The employee record is the master for a person you employ: their identity, their employment, and the payroll and statutory setup that drives their pay. It is the single place where HR and payroll meet, so a well-kept employee record makes every payroll run smoother.
- What the employee record holds
- Which fields matter for payroll
- How the record links to a self-service login
Anatomy of the screen
The record is organised into tabs: Employee (personal details: code, name, designation, gender, contact, photo), Placement (employment status), Payroll (the statutory enrolment), Login Account (the linked user for self-service), and Contact. Additional details are grouped into sections, Person, Residential, Contact, Emergency, Employment (salary and dates), Foreigner (work permit), and Tax (PCB).
How it behaves
The fields payroll depends on
Some employee fields are not just HR record-keeping, they drive the pay calculation. Date of birth sets the statutory age tiers; the ID, marital status and spouse income feed the PCB tax computation; the employment section holds the salary. Keeping these accurate is what keeps payroll correct.
Link to a login
An employee can be linked to a user account, which is what lets them into the Workplace self-service area to file claims and see their own information.
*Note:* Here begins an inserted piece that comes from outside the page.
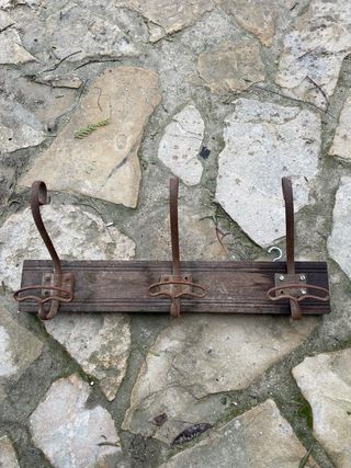 Este perchero combina la robustez de la forja con la calidez de la madera. Necesita restauración por eso el precio. - Diseño rústico y artesanal. - Tres ganchos de forja. - Base de madera con acabado envejecido.

The hire and resign dates bound their employment, and an active flag retires them without losing history.
Edge cases and good practice
- Date of birth and tax fields are payroll-critical, not optional HR niceties.
- Link a user to give the employee self-service.
- Set resign dates rather than deleting, so payroll history stays intact.
Related
- Reference: Employee payroll configuration
- Reference: Reimbursement Claims (self-service)
- Reference: Users (the login link)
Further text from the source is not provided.